Big CC Racing
- Company type: Limited
- Industry: Motorsport
- Predecessor: Big CC Motorcycles
- Founded: 1995; 31 years ago
- Founder: Sean Mills
- Headquarters: Wokingham, United Kingdom
- Area served: Worldwide
- Key people: Sean Mills
- Products: Motorcycle turbocharger system
- Services: Performance tuning
- Owner: Sean Mills
- Number of employees: 3
- Website: bigccracing.com

= Big CC Racing =

Motorcycle tuning company

Big CC Racing is a British motorcycle tuning company based in Wokingham, United Kingdom, specialising in custom turbo applications for Suzuki Hayabusa and other motorcycle models.

Big CC Racing creates high performance, but also supports sensible turbo systems for the road with technical knowledge.

== History ==
Sean Mills, the company owner and engineer, is known for building motorcycle engines with a power output of up to 1000 hp.

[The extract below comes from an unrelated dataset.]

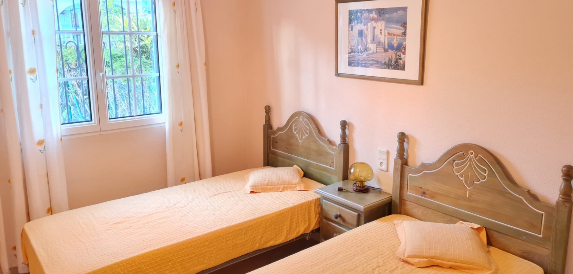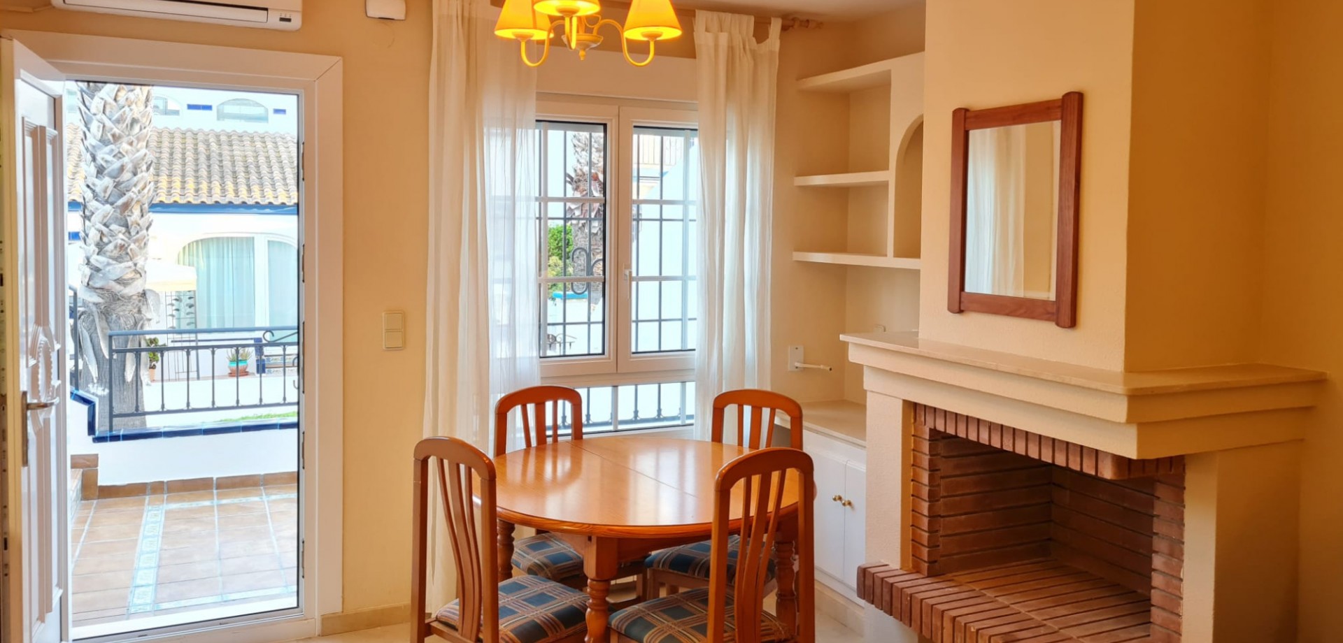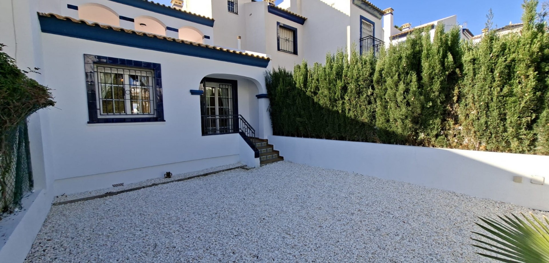 Dieser wunderschöne, nach Süden ausgerichtete Bungalow Lola befindet sich in der begehrten Gegend von Villamartin Rioja in Orihuela Costa. Einkaufsmöglichkeiten und Restaurants sind fußläufig erreichbar, und die kristallklaren Strände sind nur 10 Autominuten entfernt. Der Bungalow Lola wurde komplett renoviert und wird möbliert verkauft. Er ist eine äußerst begehrte Immobilie in dieser Gegend. Der gesamte Wohnbereich befindet sich im Erdgeschoss mit einer Wohnfläche von 63,50 m², ergänzt durch einen 80m² großen, angelegten Garten vor und hinter dem Haus. Auf dieser Ebene befindet sich das helle Wohn-Esszimmer mit einem gemütlichen Kamin. Die moderne Küche wurde komplett renoviert und verfügt über brandneue Schränke, eine Frühstücksbar, Granitarbeitsplatten, eine Dunstabzugshaube aus Edelstahl, ein Cerankochfeld, einen Backofen und einen elektrischen Warmwasserbereiter. Das Anwesen umfasst zwei geräumige Schlafzimmer mit Einbauschränken und ein Badezimmer mit Badewanne. Eine Außentreppe führt zum 36,67 m² großen privaten Solarium im Obergeschoss. Dieses ist teilweise überdacht und verfügt über Beleuchtung und Wasseranschluss – ein vielseitiger und sonniger Raum, der ganzjährig genutzt werden kann. Das Solarium kann in ein drittes Schlafzimmer und ein zweites Badezimmer umgewandelt werden. Das Haus ist mit einer Split-Klimaanlage im Wohnzimmer, Deckenventilatoren in den Schlafzimmern und einer Zentralheizung mit Heizkörpern ausgestattet, die von einem Gaskessel gespeist wird (Gasanschluss derzeit außer Betrieb). Die Wohnanlage ist gepflegt und verfügt über Gemeinschaftsgärten und zwei Poolbereiche, von denen sich einer direkt hinter dem Haus befindet. Umgeben von renommierten Golfplätzen wie dem Villamartín Golf Club, Las Ramblas Golf und dem Real Club de Golf Campoamor, Las Colinas, und in unmittelbarer Nähe zu einer Vielzahl von Einkaufs- und Gastronomieangeboten dank der fußläufig erreichbaren Einkaufszentren Rioja, Los Dolses und La Fuente, bietet die Immobilie einen idealen mediterranen Lebensstil. Der Zenia Boulevard, das größte Open-Air-Einkaufszentrum der Provinz Alicante an der südlichen Costa Blanca, ist ebenfalls nur eine kurze Autofahrt entfernt. Mit seiner Kombination aus Komfort, Wohnen im Freien und erstklassiger Lage bietet dieser möblierte Bungalow Lola eine hervorragende Gelegenheit als Hauptwohnsitz, Ferienhaus oder Kapitalanlage in einer der begehrtesten Gegenden der Costa Blanca. Immobilien dieser Art sind sehr gefragt, daher empfehlen wir Interessenten, sich schnellstmöglich zu melden.

In 2014, Sean Mills entered the Summer Nationals at Santa Pod Raceway with his Suzuki Hayabusa, where he later set a record in the Competition Bike class in 2017. From 2015 to 2020, Sean Mills made a name for himself in racing under 8.0 seconds.

Before 2018, Sean Mills developed turbocharged motorcycles ranging from 300 hp to 600 hp and has put Zef Eisenberg's 350 hp machine on track at over 201.6 mph.

==Other achievements==

Big CC Racing built a copy of the previously built 1000 hp motorcycle Project Pisstake and presented a street-legal vehicle, a 1000 hp Hayabusa, with a speed of over 250 mph.

The same motorcycle reached top speeds of over 271.8 mph over a distance of 400 metres in 2018 and 273.4 mph in 2019. Sean Mills may have built the fastest street legal Hayabusa in the world.